Titus Quinn is an ex-pilot who once crossed over into an alternate world, where he left his wife, child, and much of his memory. The Company didn’t believe him, mistreated him, but now wants him to go back. He does, and gradually recovers his memory.
Disclosure: A couple of years ago, I read an ebook by a female author about transdimensional travel associated with a big, bad Company. I thought it was well written, but not quite my thing. When I saw this book, by a female author, about transdimensional travel associated with a big, bad Company, I thought it was the same writer, and figured “Hey, I’ll give her another try.” Turns out, not the same person. The names aren’t even all that similar. But I didn’t know that until, halfway through the book, I checked on my supposition that this was the author’s first book. Why did I do that? Because, even with as little as I remembered of the first author, I was surprised by the sudden drop in writing quality. Had I realized the error earlier, I might have given up on the book.
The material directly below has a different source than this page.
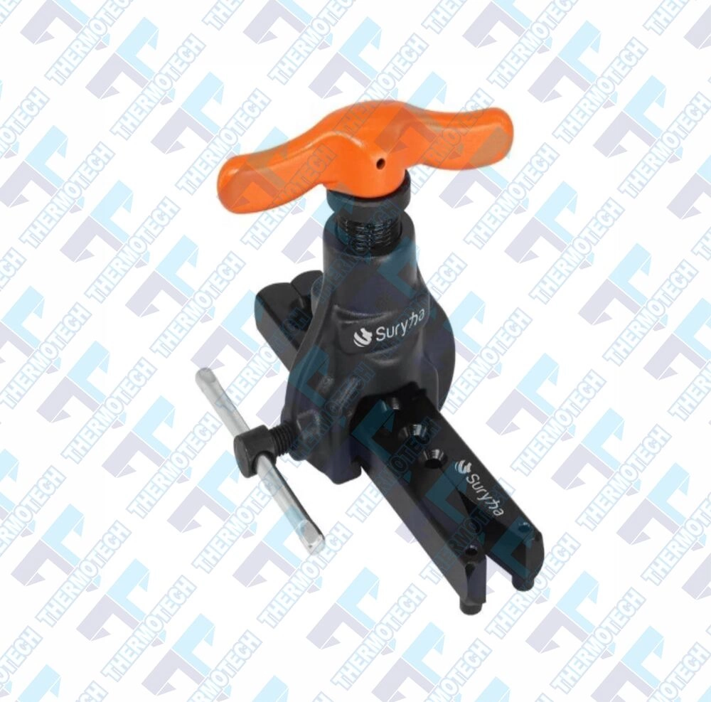 O Flangeador Excêntrico 1/4" a 3/4" é uma ferramenta utilizada para dar forma as extremidades dos tubos, possibilitando vedação completa na união de tubulações, válvulas e registros através do uso de porcas. Conta com limitador de torque, que ao final da operação impede o avanço desnecessário da ferramenta e o aperto excessivo, evitando rachaduras. Conta com uma mesa para fixação do tubo de cobre.

Bright of the Sky starts weak. The concept itself is okay, and the plot starts with something of a bang. If plot is adequate, the writing is distinctly disappointing. The human world is nicely described, and comes across distinctly, as a very urban, stratified society. The alternate world is much less clear, both physically and culturally, though the alien Tarig are clearly in charge. The intrigues and substories are interesting on the cultural level, but on the character level they’re sketchy. For example, once Titus has crossed over, he spends a lot of time with Anzi, who’s just dying to know what Earth (the Rose) is like. But she never asks him any questions. I don’t buy it – as if here’s your chance to find out everything you ever wanted to know about fairyland, and instead, you talk about the local bus schedule and how to get to the mall.
While the worldbuilding is generally good, there are a few careless details – e.g., an airship that’s reluctant to take passengers, but appears to have no other reason for being. More troubling to me were the character issues. There are some key episodes of unexplained, irrational behaviour – the way key character Sydney treats sycophant Akay Wat, or the key-plot-driver crime committed by Titus toward the end. I didn’t find the actions well enough supported. In addition, Titus’ returning memory is far too often used as a magic ex machina wand to provide information or escape.
All in all, it’s an adequate story with successful worldbuilding, but characters that need work. It won’t hurt you to read it, but it won’t leave much impression. I won’t be going on to the sequels.